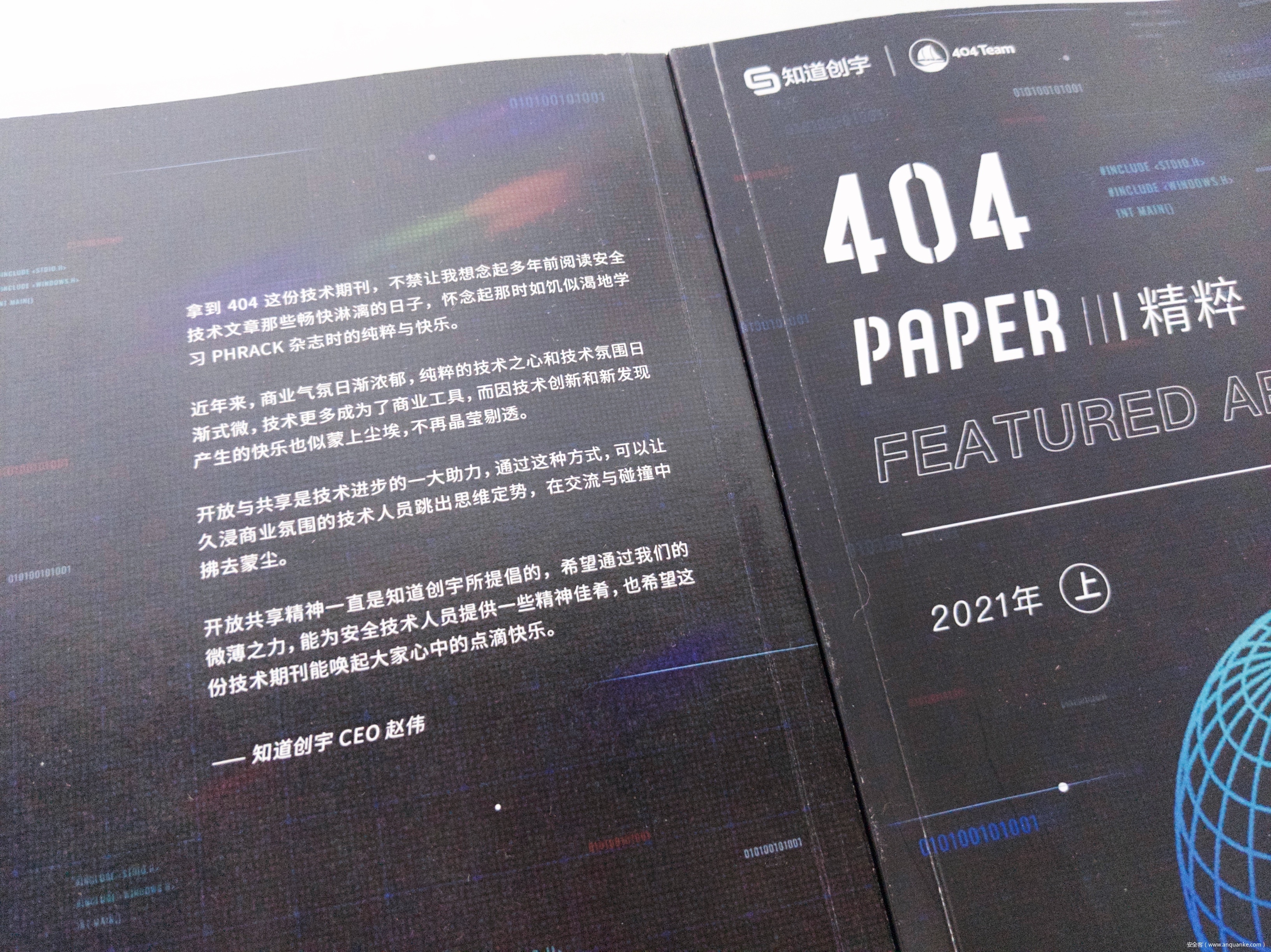 知道创宇404实验室原创技术刊物《404 Paper 精粹 2021年(上)》正式发布了!(文末互动送出~)
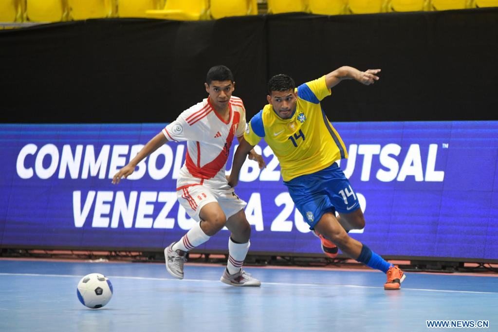 LA GUAIRA, 13 septiembre, 2023 (Xinhua) -- El jugador Luis Julon (i), de Perú, disputa el balón con Regivanderson Salgueiro (d), de Brasil, durante el partido correspondiente a la fase de grupos de la copa CONMEBOL Sub20 Futsal 2022, celebrado en el Domo José María Vargas, en el estado La Guaira, Venezuela, el 13 de septiembre de 2023. (Xinhua/Marcos Salgado)
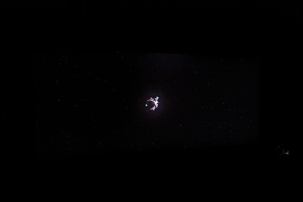 Z kolei w dużo bardziej wymagającym filmie Pierwszy człowiek (First Man, 2018, HDR10) w scenie przelotu statku kosmicznego z lewej na prawą stronę ekranu statku… w ogóle nie było widać. W tej bardzo ciemnej scenie Samsung 65QN92F tak mocno przyciemnił podświetlenie, że na ekranie nie było widać… nic — tylko pełnoekranową czerń. W związku z tym, aby nie pokazywać Wam czarnego ekranu, przechodzimy od razu do sceny z oddalającym się statkiem. W ustawieniach fabrycznych widać było w zasadzie tylko ten statek, a wszystkie gwiazdy oraz ciemnoszare tło zostały wchłonięte przez wszędobylską czerń.
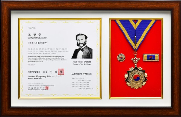 적십자 활동 재원 조성 공적에 따라 은장, 금장, 명예장, 최고명예장, 명예대장, 최고명예대장 등
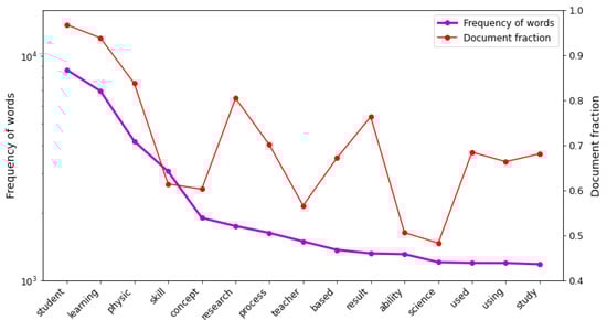After that, we employed the “gensim” library [] for lemmatizing and finding the bigrams. Lemmatization is the procedure to find the stem of some words in favor of the same meaning. For instance, “student” and “students” in the previous tokenized results should be lemmatized as “student”. We then looked for the frequently mentioned pairs of words within the dataset, bigrams. For instance, “conceptual understanding”, “problem solving” “scientific approach”, “critical thinking”, and so on (see more examples in Table 1). Bigrams should be combined by an underscore connecting the tokens. Finally, we had a “bag of words” containing 199,578 raw words and bigrams with 10,109 unique words. The tenth most frequent words in this current unfiltered data corpus are illustrated in Figure 3 below with their word frequency and fraction in each document (division between frequency and total of documents). The top five words that often co-occurred through our data corpus are “student”, “learning”, “physic”, “skill”, and “concept”. These representative words demonstrate the scope of PER literature has been satisfied in our dataset. Nevertheless, these frequent words should be filtered to make for more efficient computing time and to make the extracted PER topics more distinct.
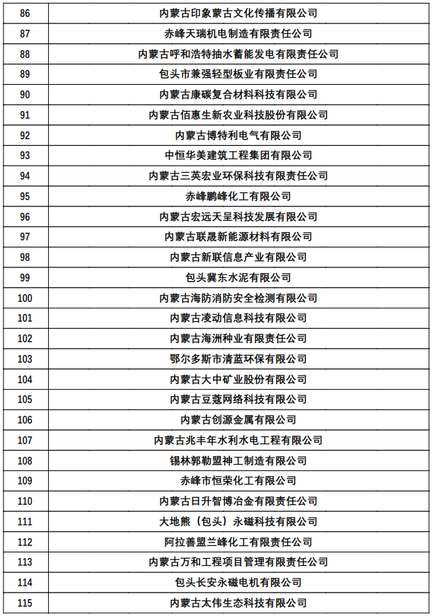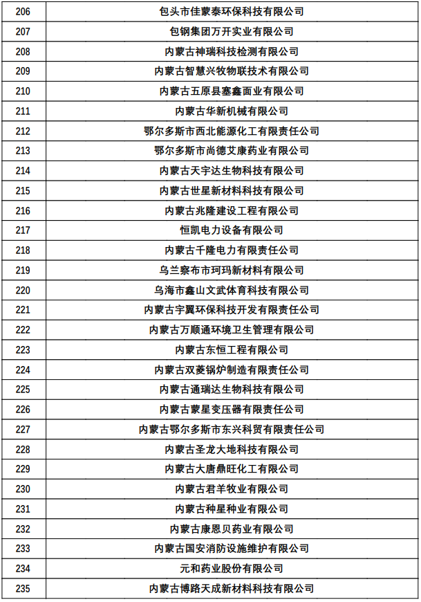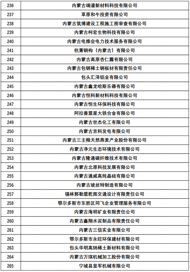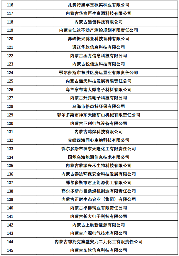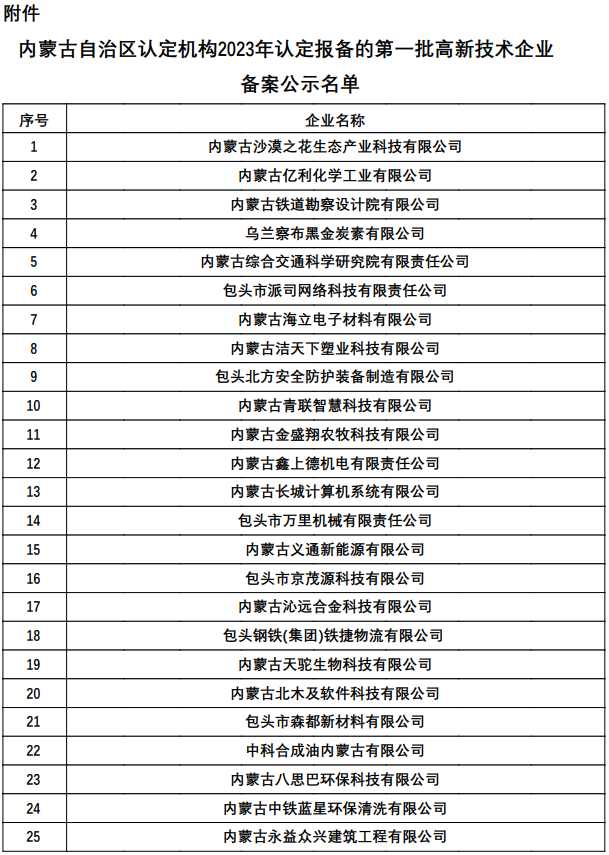 附件:內(nèi)蒙古自治區(qū)認(rèn)定機(jī)構(gòu)2023年認(rèn)定報(bào)備的第一批高新技術(shù)企業(yè)備案公示名單
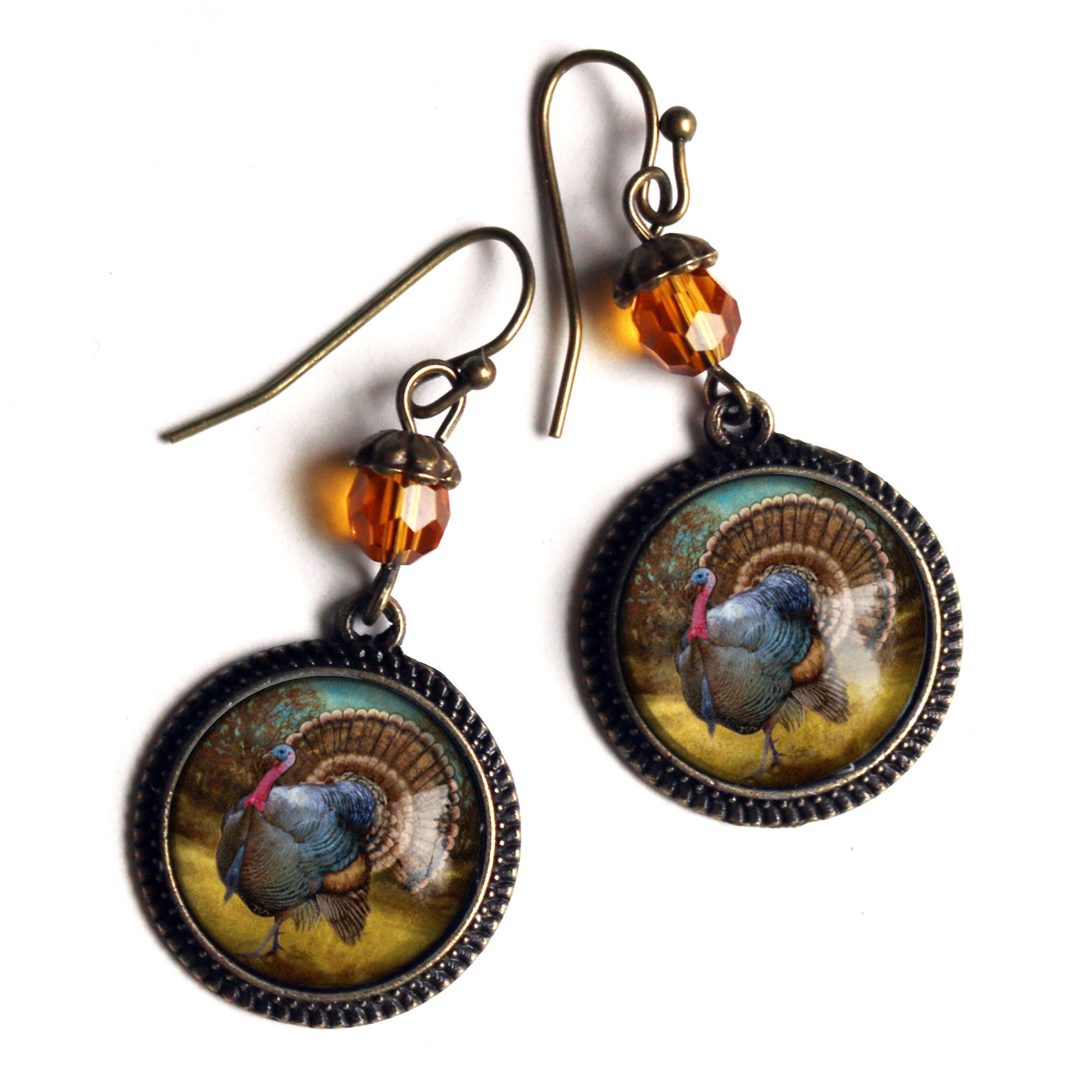 Classic Thanksgiving turkey earrings with amber glass accent beads. Each earring is hand made in a home studio.

▬▬▬▬▬▬

▶ Task objective
Retype the listing exactly. Pictures do not belong in the copy.

▶ Result for this exercise
 知道创宇404实验室原创技术刊物《404 Paper 精粹 2021年(上)》正式发布了!(文末互动送出~)
 LA GUAIRA, 13 septiembre, 2023 (Xinhua) -- El jugador Luis Julon (i), de Perú, disputa el balón con Regivanderson Salgueiro (d), de Brasil, durante el partido correspondiente a la fase de grupos de la copa CONMEBOL Sub20 Futsal 2022, celebrado en el Domo José María Vargas, en el estado La Guaira, Venezuela, el 13 de septiembre de 2023. (Xinhua/Marcos Salgado)
 Z kolei w dużo bardziej wymagającym filmie Pierwszy człowiek (First Man, 2018, HDR10) w scenie przelotu statku kosmicznego z lewej na prawą stronę ekranu statku… w ogóle nie było widać. W tej bardzo ciemnej scenie Samsung 65QN92F tak mocno przyciemnił podświetlenie, że na ekranie nie było widać… nic — tylko pełnoekranową czerń. W związku z tym, aby nie pokazywać Wam czarnego ekranu, przechodzimy od razu do sceny z oddalającym się statkiem. W ustawieniach fabrycznych widać było w zasadzie tylko ten statek, a wszystkie gwiazdy oraz ciemnoszare tło zostały wchłonięte przez wszędobylską czerń.
 적십자 활동 재원 조성 공적에 따라 은장, 금장, 명예장, 최고명예장, 명예대장, 최고명예대장 등
After that, we employed the “gensim” library [] for lemmatizing and finding the bigrams. Lemmatization is the procedure to find the stem of some words in favor of the same meaning. For instance, “student” and “students” in the previous tokenized results should be lemmatized as “student”. We then looked for the frequently mentioned pairs of words within the dataset, bigrams. For instance, “conceptual understanding”, “problem solving” “scientific approach”, “critical thinking”, and so on (see more examples in Table 1). Bigrams should be combined by an underscore connecting the tokens. Finally, we had a “bag of words” containing 199,578 raw words and bigrams with 10,109 unique words. The tenth most frequent words in this current unfiltered data corpus are illustrated in Figure 3 below with their word frequency and fraction in each document (division between frequency and total of documents). The top five words that often co-occurred through our data corpus are “student”, “learning”, “physic”, “skill”, and “concept”. These representative words demonstrate the scope of PER literature has been satisfied in our dataset. Nevertheless, these frequent words should be filtered to make for more efficient computing time and to make the extracted PER topics more distinct.
 附件:內(nèi)蒙古自治區(qū)認(rèn)定機(jī)構(gòu)2023年認(rèn)定報(bào)備的第一批高新技術(shù)企業(yè)備案公示名單
 Classic Thanksgiving turkey earrings with amber glass accent beads. Each earring is hand made in a home studio.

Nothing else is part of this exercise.